The property is listed with brokers David Barry and Kurt Van Dyke.

Photos and Renderings

4 thoughts on “Eyes on Milwaukee: Marcus Scraps Downtown Tower and Movie Theaters”

  1. Polaris says:

    Not surprising, Marcus always emphasized that they had no short term plans for this site. I always felt the Edison Place rendering was made to appease those (of us) who hoped for something more,

  2. DanRyan86 says:

    Ya know there really should be some sort of penalty for just sitting on undeveloped land or a surface lot. Like why are we not taxing this undeveloped land in such a prime location to the point of penalty so that it incentivizes someone to develop on it rather than saaaaaaay sit on it for 6 years and then try and sell it for double the price?
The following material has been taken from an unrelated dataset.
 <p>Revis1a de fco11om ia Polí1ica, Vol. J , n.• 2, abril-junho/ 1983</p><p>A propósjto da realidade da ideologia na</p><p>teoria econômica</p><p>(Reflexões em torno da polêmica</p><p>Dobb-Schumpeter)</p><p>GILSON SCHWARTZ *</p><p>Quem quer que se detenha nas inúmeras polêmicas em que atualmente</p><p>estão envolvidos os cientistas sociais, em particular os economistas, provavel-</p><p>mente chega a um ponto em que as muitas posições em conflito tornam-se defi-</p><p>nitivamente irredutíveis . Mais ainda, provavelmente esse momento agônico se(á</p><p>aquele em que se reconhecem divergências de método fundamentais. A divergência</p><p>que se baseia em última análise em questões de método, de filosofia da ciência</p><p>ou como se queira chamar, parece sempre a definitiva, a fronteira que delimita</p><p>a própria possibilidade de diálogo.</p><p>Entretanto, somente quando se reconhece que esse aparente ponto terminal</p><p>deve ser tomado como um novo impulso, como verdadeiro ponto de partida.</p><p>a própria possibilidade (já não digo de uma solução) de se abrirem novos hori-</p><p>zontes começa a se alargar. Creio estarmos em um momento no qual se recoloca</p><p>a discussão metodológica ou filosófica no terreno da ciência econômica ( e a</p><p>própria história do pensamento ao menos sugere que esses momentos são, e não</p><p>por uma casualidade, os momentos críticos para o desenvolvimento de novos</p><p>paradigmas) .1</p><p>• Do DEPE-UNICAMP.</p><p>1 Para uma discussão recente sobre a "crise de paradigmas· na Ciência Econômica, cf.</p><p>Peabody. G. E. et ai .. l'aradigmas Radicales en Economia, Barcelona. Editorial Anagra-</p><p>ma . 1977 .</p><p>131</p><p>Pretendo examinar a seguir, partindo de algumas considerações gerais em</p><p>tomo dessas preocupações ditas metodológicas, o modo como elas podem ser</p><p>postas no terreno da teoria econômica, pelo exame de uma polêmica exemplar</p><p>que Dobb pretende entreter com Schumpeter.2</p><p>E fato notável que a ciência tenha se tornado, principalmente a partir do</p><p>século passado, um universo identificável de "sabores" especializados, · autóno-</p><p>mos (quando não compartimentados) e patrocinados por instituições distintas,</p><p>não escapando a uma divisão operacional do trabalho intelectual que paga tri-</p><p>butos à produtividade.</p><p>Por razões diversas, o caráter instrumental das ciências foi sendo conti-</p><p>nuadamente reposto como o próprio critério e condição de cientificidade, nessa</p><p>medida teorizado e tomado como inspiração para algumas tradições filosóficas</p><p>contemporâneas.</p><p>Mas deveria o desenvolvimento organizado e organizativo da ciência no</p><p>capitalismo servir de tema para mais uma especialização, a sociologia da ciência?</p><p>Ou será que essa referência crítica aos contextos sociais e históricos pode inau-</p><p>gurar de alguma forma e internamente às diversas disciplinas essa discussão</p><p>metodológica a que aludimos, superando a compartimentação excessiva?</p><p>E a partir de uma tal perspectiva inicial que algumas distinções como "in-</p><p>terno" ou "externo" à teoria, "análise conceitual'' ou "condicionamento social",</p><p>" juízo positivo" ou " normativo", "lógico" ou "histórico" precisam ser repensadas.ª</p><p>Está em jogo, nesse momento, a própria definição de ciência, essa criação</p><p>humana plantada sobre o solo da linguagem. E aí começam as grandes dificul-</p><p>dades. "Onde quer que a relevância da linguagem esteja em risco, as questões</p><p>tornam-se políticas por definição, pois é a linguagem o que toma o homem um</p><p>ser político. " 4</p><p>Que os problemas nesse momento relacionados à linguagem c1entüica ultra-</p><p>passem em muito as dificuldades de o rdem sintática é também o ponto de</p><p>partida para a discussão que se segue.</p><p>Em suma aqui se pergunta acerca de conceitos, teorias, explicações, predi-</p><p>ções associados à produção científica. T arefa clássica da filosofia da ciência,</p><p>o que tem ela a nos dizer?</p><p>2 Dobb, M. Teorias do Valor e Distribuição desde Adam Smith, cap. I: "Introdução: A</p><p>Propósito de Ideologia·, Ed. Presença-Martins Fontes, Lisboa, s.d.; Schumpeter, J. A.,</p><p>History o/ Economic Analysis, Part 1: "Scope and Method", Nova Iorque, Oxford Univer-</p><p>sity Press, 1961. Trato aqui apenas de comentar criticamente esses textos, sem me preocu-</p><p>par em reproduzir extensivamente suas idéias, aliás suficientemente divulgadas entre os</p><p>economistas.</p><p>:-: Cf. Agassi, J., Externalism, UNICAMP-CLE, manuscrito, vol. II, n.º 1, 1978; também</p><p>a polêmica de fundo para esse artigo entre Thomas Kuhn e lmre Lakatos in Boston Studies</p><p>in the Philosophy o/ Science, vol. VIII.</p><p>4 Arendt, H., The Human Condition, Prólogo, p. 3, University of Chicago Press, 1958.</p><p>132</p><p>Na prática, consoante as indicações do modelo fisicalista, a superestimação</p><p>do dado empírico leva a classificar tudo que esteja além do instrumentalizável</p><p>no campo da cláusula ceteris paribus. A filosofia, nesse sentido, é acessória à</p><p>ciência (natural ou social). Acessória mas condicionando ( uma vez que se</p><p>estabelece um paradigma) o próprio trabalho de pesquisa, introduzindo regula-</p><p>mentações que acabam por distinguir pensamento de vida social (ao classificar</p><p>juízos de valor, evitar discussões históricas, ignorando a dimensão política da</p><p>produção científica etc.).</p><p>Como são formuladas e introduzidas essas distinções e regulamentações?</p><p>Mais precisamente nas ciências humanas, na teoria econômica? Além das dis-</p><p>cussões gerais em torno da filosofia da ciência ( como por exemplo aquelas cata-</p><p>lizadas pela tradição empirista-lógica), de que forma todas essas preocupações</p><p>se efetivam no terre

It’s not like the city couldn’t use the money and it would help with all the surface lots everywhere downtown, seriously look at a satellite shot of downtown these lots are everywhere, just sitting, owned by someone planning on not doing anything with it except hoard it until the time is right to make it that much more expensive for the next person to do anything with it.

  3. DAGDAG says:

    Well, at least MARCUS got off the pot and made a decision as to what to do with its plans. It is another one of those companies that talks big (for the free press I would say) and does nothing for what was it…8 years now? I recently mentioned their indecision in another posting, and, as DanRyan86 says, the prime piece of real estate is really an eyesore that is just sitting there. Is this how development works in Milwaukee now? I use the COUTURE as another example. 12-15 years before there is movement…or should I say, stagnate…development?

  4. Polaris says:

    @DanRyan86: Truth! The only difference between Marcus holding this property hostage and other surface/parking lots is that some of those lots are owned by families or small entities. We would hope to expect more from Marcus and other companies but have learned that only leads to disappointment.
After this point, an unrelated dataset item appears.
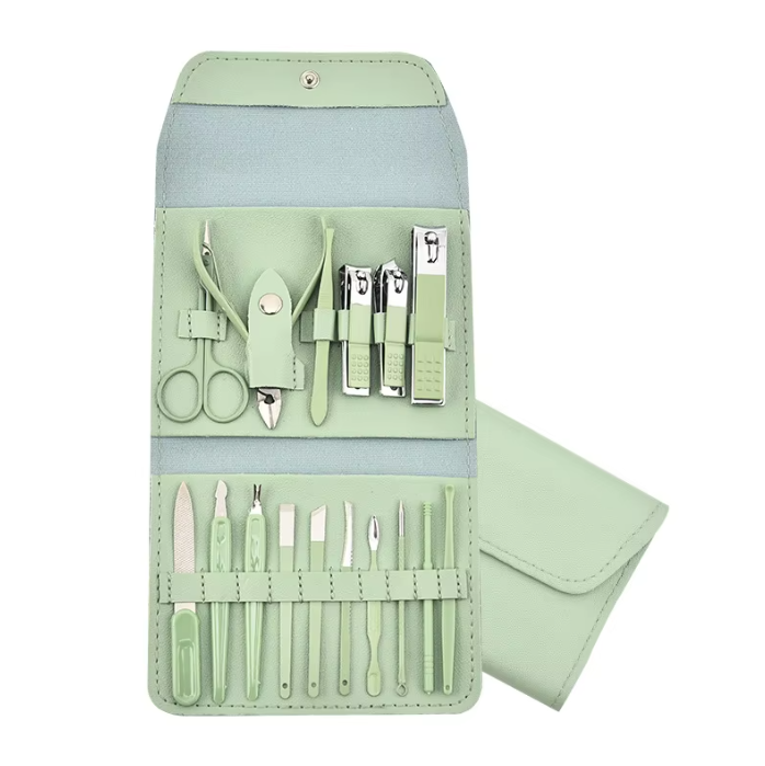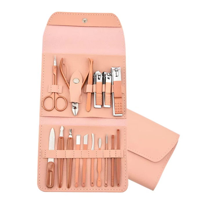 Keep your nails neat and stylish anywhere! This compact grooming set includes 16 premium stainless-steel tools for hand, foot, and facial care — all packed in a sleek, travel-friendly leather case.

    Marcus did this with another property prior to this but, for the life of me, I can’t remember where that was. Promises of a downtown cinema always excite Milwaukeans. Not gonna happen anymore, even moreso that 10 and 20 years ago.

    Speaking of…what are the Bucks waiting for? I’m growing weary of hearing all the hype and seeing all the pretty renderings for the Deer District, only to visit and see all these remaining empty lots. Of course, there has been some movement with The Trade Hotel and now (to my dismay) the proposed FPC Live concert venues, but seriously. COVID aside, there are hundreds of new apartments going up in 8-10 downtown developments and the Bucks haven’t mustered the capacity to attract one.

    The Bucks are masters and spending other people’s money. Even the new $50M-$100M health equity initiative they recently announced with Froedtert-MCW is about fundraising. A worthy goal, of course, but the Bucks get a heck of a lot of publicity for doing this. Frankly, $50 million over the proposed 20-year period is only $2.5 million annually. Why don’t the billionaire Bucks owners simply donate that to the initiative? Answer: OTHER PEOPLE’S MONEY.

    They should put a little skin in the game and actually SELF-DEVELOP parts of the Deer District. What they are doing is trying to attract developers to develop property they own–a gift from the City. FiveFifty Ultra Lofts is owned by Royal Capital Group. The owner of The Trade Hotel is NCG Hospitality. The Bucks own the land. Everybody else does the work and puts up the money. They even want a company to give them $4M a year for the naming rights to the plaza outside Fiserv Forum. Yeah, first, get rid of the Bradley Center dust bowl next door and some of the other empty lots.